**Exercise requirements:** Repeat everything in the listing exactly, except for the images.

START Records to use

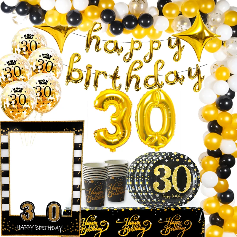 Золотой черный 30-й взрослый баннер на день рождения баннеры флаги 30 лет Торт Топперы на день рождения латексные шары с днем рождения Декор для вечеринки
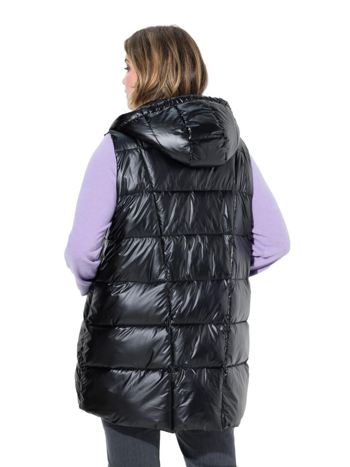 Длинная стеганая куртка А-силуэта в современном стеганом виде. Капюшон со стразами, застежка-молния, 2 кармана. Низ закругленный, сзади удлиненный. Внешний материал: 100 % полиамид. Подкладка: 100 % полиэстер.
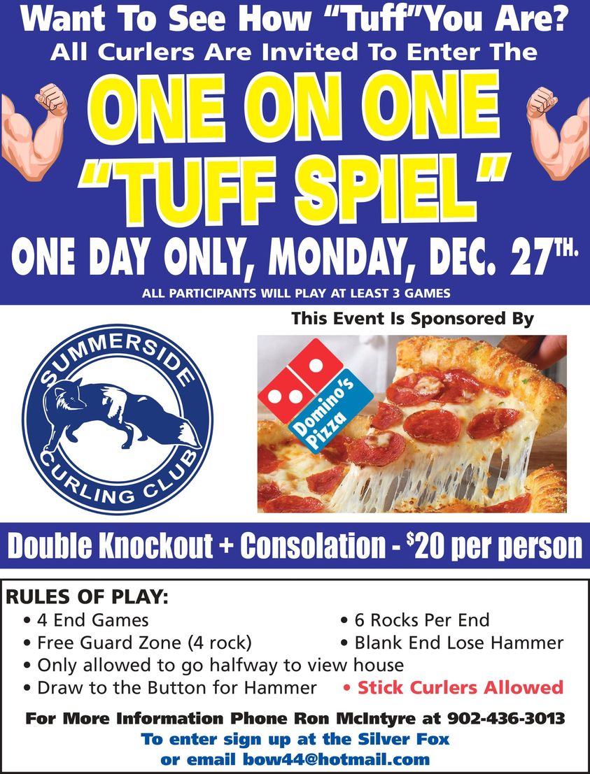 The Summerside Curling Club’s annual 1 vs 1 “Tuff Spiel”, scheduled for December 27th, has now been postponed due to public health measures announced this afternoon.
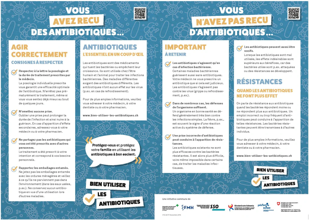 Les antibiotiques sont des médicaments soumis à ordonnance qui empêchent la croissance des bactéries ou qui les tuent. Ils n’ont aucun effet lorsque les infections sont provoquées par des virus (p. ex. grippe, COVID-19). Ils ne sont pas non plus efficaces contre le rhume, la plupart des gastro-entérites, les champignons (mycoses) ou les parasites (p. ex. paludisme).
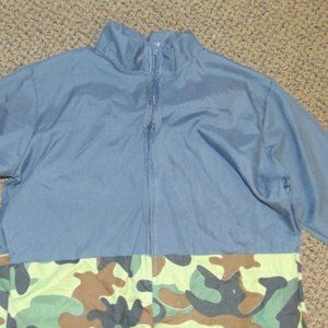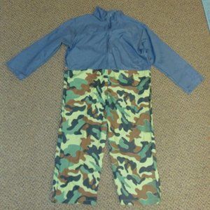 Pants portion of jumpsuit is jungle camouflage print; shirt portion is sold gray
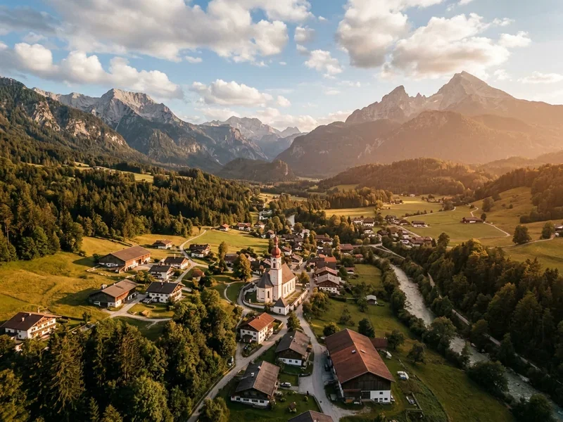 Die ruhigeren Nachbarorte zwischen Salzburg und Berchtesgaden. Marktschellenberg liegt am Untersberg mit der Almbachklamm, Bischofswiesen schmiegt sich südlich an den Hauptort. Gute Alternativen, wenn das Zentrum ausgebucht oder zu teuer ist.
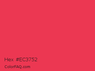 Hex #ec3752 Color is a normal red color and the nearest color is Desire #ea3c53. Hex code #ec3752 and RGB value is rgb(236,55,82). In RGB color space, this color is composed of 93% red, 22% green, 32% blue, In CMYK color space, this color is composed of 0% cyan, 77% magenta, 65% yellow , 7% black , In HSL color space, this color has a hue angle of 351° , 83% saturation and 57% lightness.
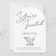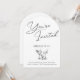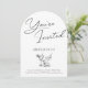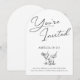 Fira med stil med denna chic och moderna bågformade inbjudan med elegant skrivstil som tillkännager "You're Invited" tillsammans med en ren sans-serif-teckensnitt för festdetaljerna. Illustrerade cocktails tillför en lekfull touch, vilket gör denna perfekt för stora födelsedagar eller sofistikerade sammankomster. Den monokroma svart-vita designen utstrålar tidlös charm, medan det välvda formatet ger en trendig, unik prägel. Anpassa detaljerna för en personlig inbjudan som är perfekt för en 21-årsfirande eller någon annan speciell tillställning.
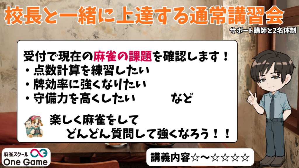 たくさん麻雀をして、自然にレベルアップしましょう!
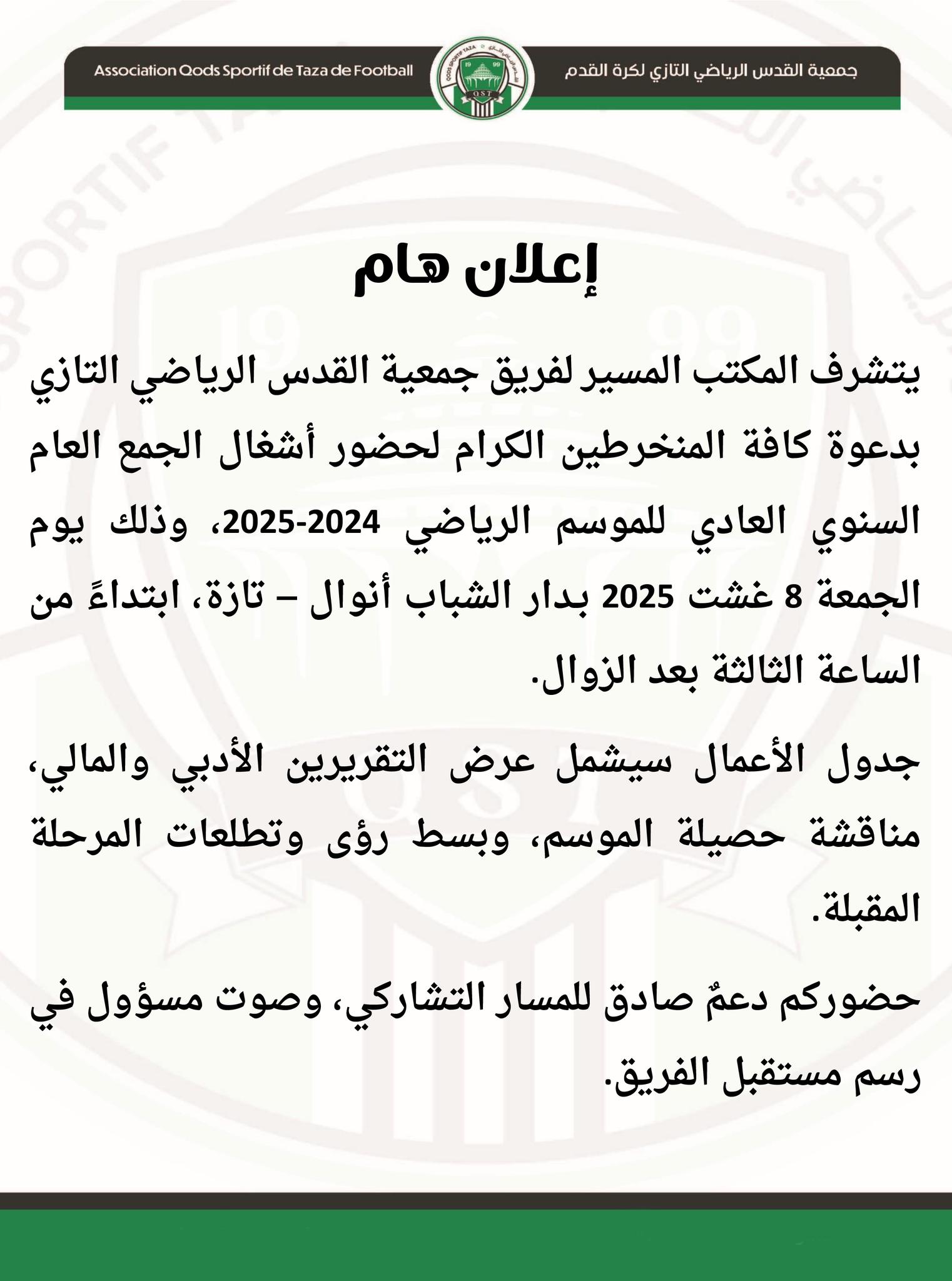ويأتي هذا الموعد في إطار حرص إدارة القدس الرياضي التازي على تعزيز مبدأ الشفافية وتكريس التواصل مع منخرطي النادي، من أجل تقييم الحصيلة السنوية ووضع خطط العمل للموسم الكروي الجديد.

END Records to use

**Problem solution:**
 Золотой черный 30-й взрослый баннер на день рождения баннеры флаги 30 лет Торт Топперы на день рождения латексные шары с днем рождения Декор для вечеринки
 Длинная стеганая куртка А-силуэта в современном стеганом виде. Капюшон со стразами, застежка-молния, 2 кармана. Низ закругленный, сзади удлиненный. Внешний материал: 100 % полиамид. Подкладка: 100 % полиэстер.
 The Summerside Curling Club’s annual 1 vs 1 “Tuff Spiel”, scheduled for December 27th, has now been postponed due to public health measures announced this afternoon.
 Les antibiotiques sont des médicaments soumis à ordonnance qui empêchent la croissance des bactéries ou qui les tuent. Ils n’ont aucun effet lorsque les infections sont provoquées par des virus (p. ex. grippe, COVID-19). Ils ne sont pas non plus efficaces contre le rhume, la plupart des gastro-entérites, les champignons (mycoses) ou les parasites (p. ex. paludisme).
 Pants portion of jumpsuit is jungle camouflage print; shirt portion is sold gray
 Die ruhigeren Nachbarorte zwischen Salzburg und Berchtesgaden. Marktschellenberg liegt am Untersberg mit der Almbachklamm, Bischofswiesen schmiegt sich südlich an den Hauptort. Gute Alternativen, wenn das Zentrum ausgebucht oder zu teuer ist.
 Hex #ec3752 Color is a normal red color and the nearest color is Desire #ea3c53. Hex code #ec3752 and RGB value is rgb(236,55,82). In RGB color space, this color is composed of 93% red, 22% green, 32% blue, In CMYK color space, this color is composed of 0% cyan, 77% magenta, 65% yellow , 7% black , In HSL color space, this color has a hue angle of 351° , 83% saturation and 57% lightness.
 Fira med stil med denna chic och moderna bågformade inbjudan med elegant skrivstil som tillkännager "You're Invited" tillsammans med en ren sans-serif-teckensnitt för festdetaljerna. Illustrerade cocktails tillför en lekfull touch, vilket gör denna perfekt för stora födelsedagar eller sofistikerade sammankomster. Den monokroma svart-vita designen utstrålar tidlös charm, medan det välvda formatet ger en trendig, unik prägel. Anpassa detaljerna för en personlig inbjudan som är perfekt för en 21-årsfirande eller någon annan speciell tillställning.
 たくさん麻雀をして、自然にレベルアップしましょう!
ويأتي هذا الموعد في إطار حرص إدارة القدس الرياضي التازي على تعزيز مبدأ الشفافية وتكريس التواصل مع منخرطي النادي، من أجل تقييم الحصيلة السنوية ووضع خطط العمل للموسم الكروي الجديد.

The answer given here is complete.